What this task involves. All of the data should be output character for character, except the pictures.

Records from a collection:

== Segment start ==

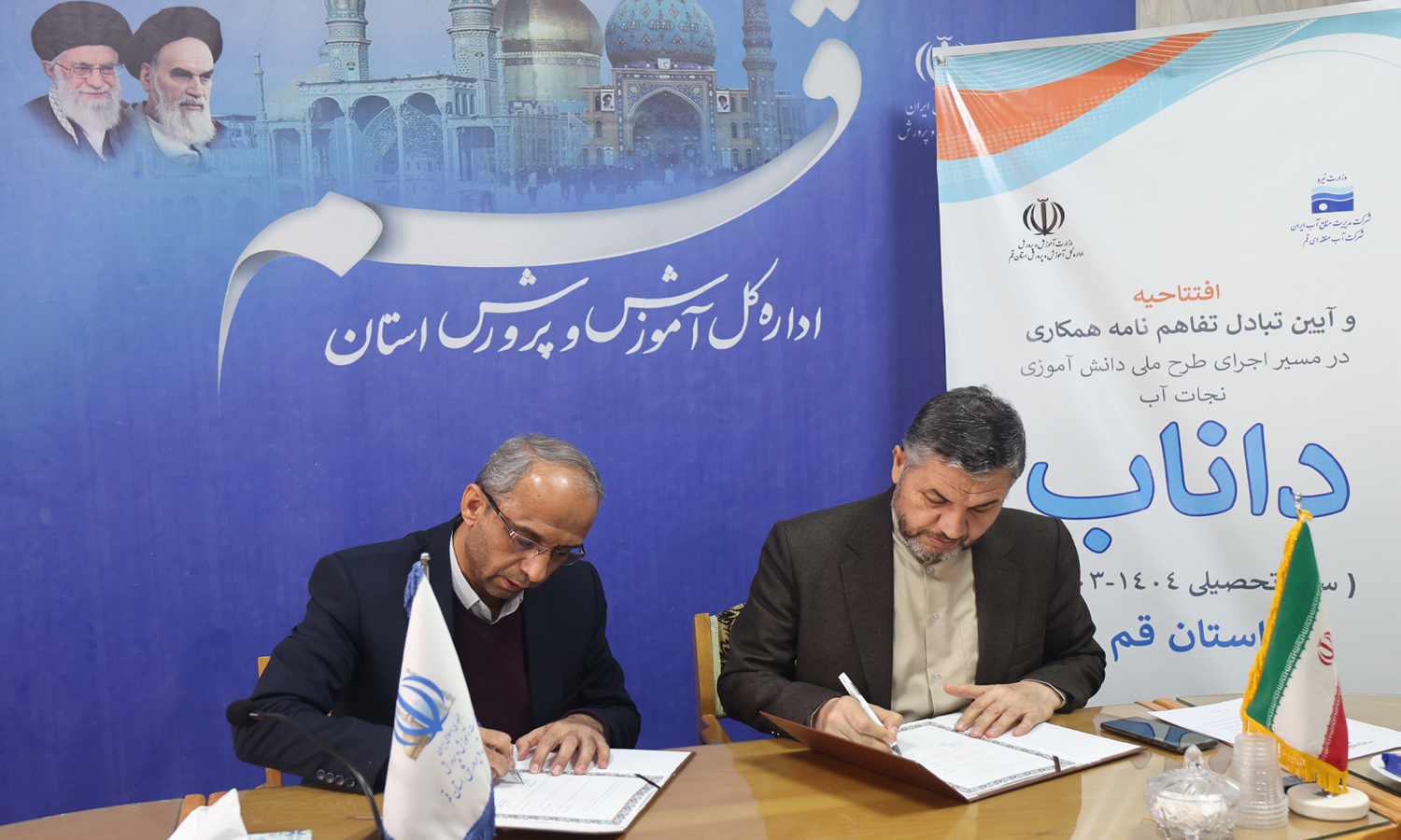 به گزارش شبکه خبری آب ایران به نقل از روابط عمومی شرکت آب منطقهای قم، در راستای آموزش و فرهنگسازی در زمینه مدیریت مصرف آب با هدف اجرای هرچه مؤثرتر طرح دانشآموزی نجات آب (داناب)، در جلسهای با حضور مدیرکل آموزش و پرورش و مدیر عامل شرکت آب منطقهای قم تفاهم نامه داناب به امضا رسید.
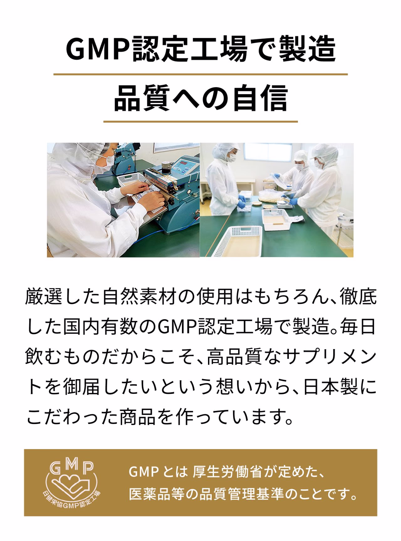 製造はGMP認定工場で行われ、添加物は一切不使用。
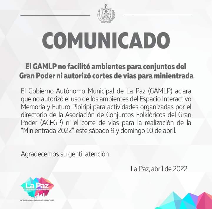 🔵 #Ultimo | La @LaPazAlcaldia aclara que no facilitó ambientes del Pipiripi para actividades del directorio de la Asociación de Conjuntos Folklóricos del Gran Poder, ni el corte de vías para una «Minientrada 2022». https://t.co/1P3XKlc0t2
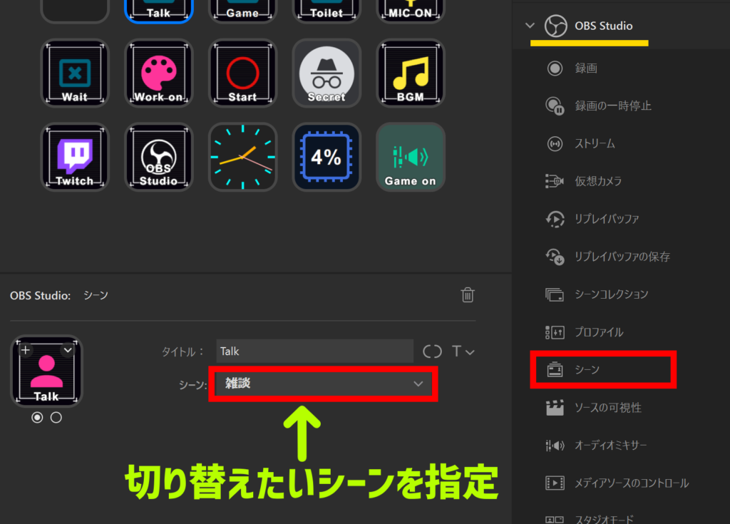 STREAM DECK上の『OBS Studio』➜『シーン』に割り当てたいシーンを選択、これだけで簡単にシーン切り替えが可能になります。
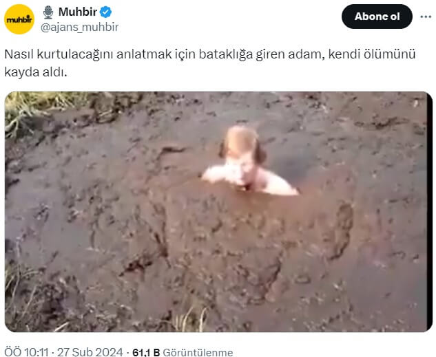Muhbir (@ajans_muhbir): “Nasıl kurtulacağını anlatmak için bataklığa giren adam, kendi ölümünü kayda aldı.”
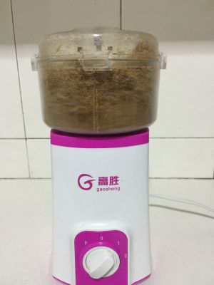 炒干水分后的猪肉放研磨机打碎。 大功告成啦
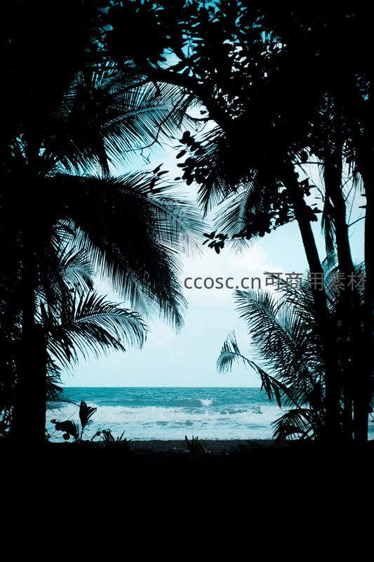 通过浓密椰树的黑色剪影框架,望向远方翻滚的白色浪花与湛蓝海面,营造出一种神秘而宁静的热带海滨度假氛围。

== Segment end ==

Exercise result.
 به گزارش شبکه خبری آب ایران به نقل از روابط عمومی شرکت آب منطقهای قم، در راستای آموزش و فرهنگسازی در زمینه مدیریت مصرف آب با هدف اجرای هرچه مؤثرتر طرح دانشآموزی نجات آب (داناب)، در جلسهای با حضور مدیرکل آموزش و پرورش و مدیر عامل شرکت آب منطقهای قم تفاهم نامه داناب به امضا رسید.
 製造はGMP認定工場で行われ、添加物は一切不使用。
 🔵 #Ultimo | La @LaPazAlcaldia aclara que no facilitó ambientes del Pipiripi para actividades del directorio de la Asociación de Conjuntos Folklóricos del Gran Poder, ni el corte de vías para una «Minientrada 2022». https://t.co/1P3XKlc0t2
 STREAM DECK上の『OBS Studio』➜『シーン』に割り当てたいシーンを選択、これだけで簡単にシーン切り替えが可能になります。
Muhbir (@ajans_muhbir): “Nasıl kurtulacağını anlatmak için bataklığa giren adam, kendi ölümünü kayda aldı.”
 炒干水分后的猪肉放研磨机打碎。 大功告成啦
 通过浓密椰树的黑色剪影框架,望向远方翻滚的白色浪花与湛蓝海面,营造出一种神秘而宁静的热带海滨度假氛围。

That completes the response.